*GOAL OF THE EXERCISE*
Please give back the lines from the line containing "今回のイベントは「にぎわいと" through the end of the listing below, exactly as written and without pictures.

-- DATA EXTRACT follows --

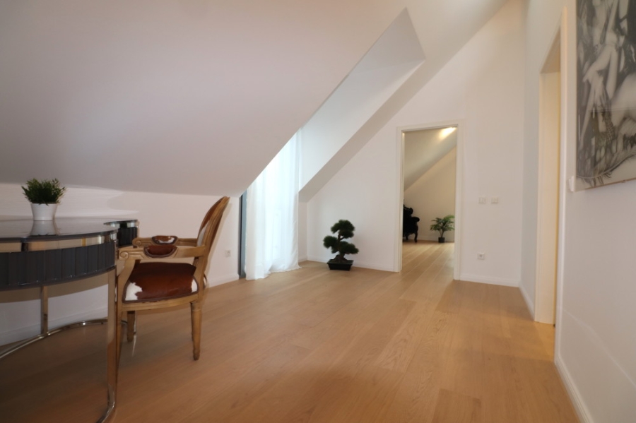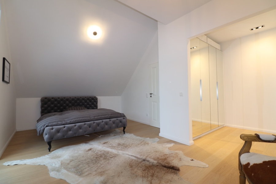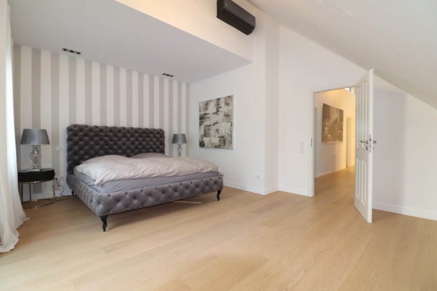 Wohnbereich: heller, großzügiger Wohnbereich mit bodentiefen Aluminium-Fenstern Obergeschoss mit hohe Decken, Schlafzimmer mit neuer Profi Klimaanlage Dual (heizen/ kühlen), neuer hochwertiger Parkettboden, LED Deckenspots im ganzen Haus inkl. Außenbeleuchtung, neue hochwertige Stil-Türen mit Profil Zargen, großzügige Einbauschränke, Fußbodenheizung auf allen Etagen inkl. Untergeschoss
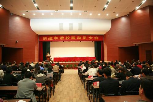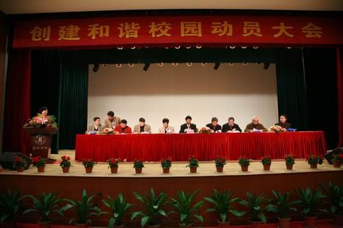 4月16日下午2点,创建和谐校园动员大会在三江会堂隆重举行,全体教职工出席大会,校领导和各院系、部处和教学单位负责人在前排就座,大会由党委副书记、副校长叶俊主持。党委书记、校长陈万年作动员报告,陈书记在报告中说:“今天我们在这里召开三江学院创建和谐校园动员大会,主要是贯彻落实省教育厅下发的《江苏省教育厅关于在全省高等学校深入开展和谐校园创建活动的通知》精神,对扎实推进我校安全稳定工作的开展,促进和谐校园建设,争创江苏省高等学校和谐校园进行工作动员和部署。下面,我就和谐校园创建活动讲四点意见。”他指出:我们要站在构建社会主义和谐社会的高度理解和领会创建和谐校园的重要意义 。陈书记提出了和谐校园创建活动的目标、指导思想和总体要求。在谈到党风廉政建设时,他特别警示,不是非党员就与此无关,都要立足本职加强廉政建设。他突出强调了安全稳定工作,指出这是建设和谐校园的前提和基础。他深情地说:“学校的安全稳定直接关系亿万家庭的幸福,历来是家长操心、学校担心、社会关心的大事。”他要求对创建和谐校园活动要加强领导、强化责任、齐抓共管、人人参与、共创和谐。他指出:学校将从2008年起评选“安全文明单位”,在此基础上评选表彰“创建和谐校园先进单位”,并把评选“创建和谐校园先进单位”作为对照评选校先进集体的前提条件。他要求校报和其他校园媒体要加强宣传教育,提高思想认识,营造良好氛围,推动和谐校园创建活动深入持久开展,逐步形成宽容和谐、积极向上的校园文化氛围。
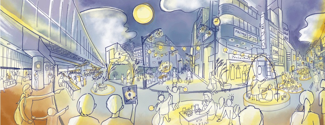 今回のイベントは「にぎわいと滞在の新しい形の体験」だけでなく、吉祥寺パークエリアの将来のまちづくりを考えるきっかけとする社会実験です。南口駅前広場の整備後に、歩行者空間化されたパークロードの姿を中心に、吉祥寺駅南口の公共空間が将来どのような使われ方ができるのか、市民の皆様と共に、3年間かけて探っていきます。より多くの方に吉祥寺らしい多様な過ごし方を体験して頂き、まちの将来を想像する機会にしたいと考えています。一緒に想像してみていただければ幸いです。
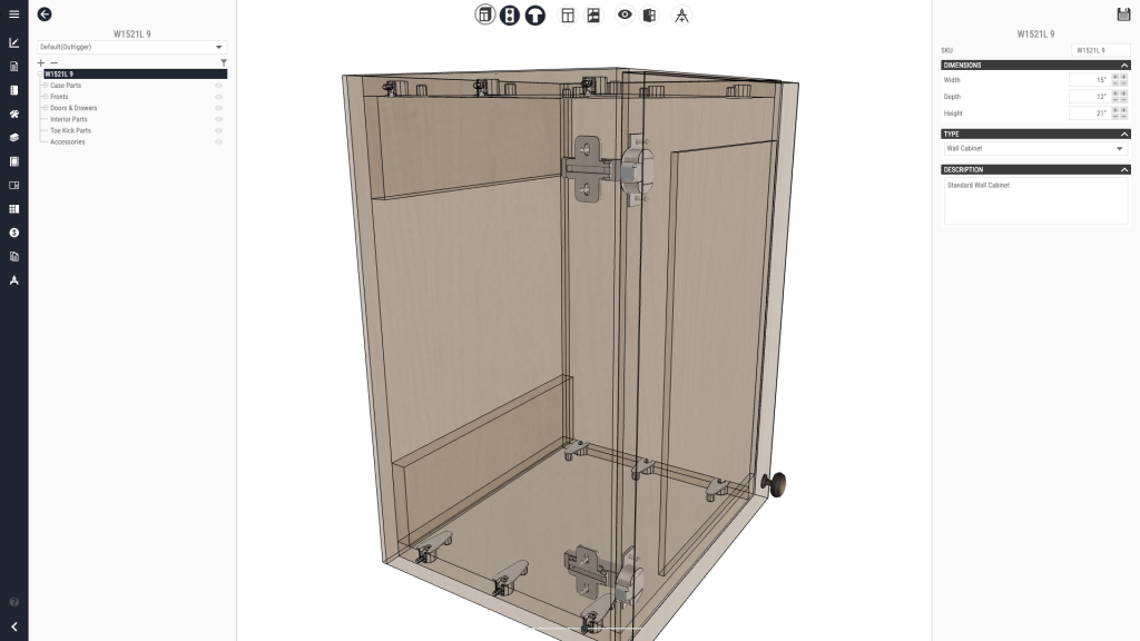 Decorative Items and appliances can be added directly in the cabinet wireframe editor, giving full control of accessories present in constructions.

-- DATA EXTRACT concluded --

*ANSWER*
 今回のイベントは「にぎわいと滞在の新しい形の体験」だけでなく、吉祥寺パークエリアの将来のまちづくりを考えるきっかけとする社会実験です。南口駅前広場の整備後に、歩行者空間化されたパークロードの姿を中心に、吉祥寺駅南口の公共空間が将来どのような使われ方ができるのか、市民の皆様と共に、3年間かけて探っていきます。より多くの方に吉祥寺らしい多様な過ごし方を体験して頂き、まちの将来を想像する機会にしたいと考えています。一緒に想像してみていただければ幸いです。
 Decorative Items and appliances can be added directly in the cabinet wireframe editor, giving full control of accessories present in constructions.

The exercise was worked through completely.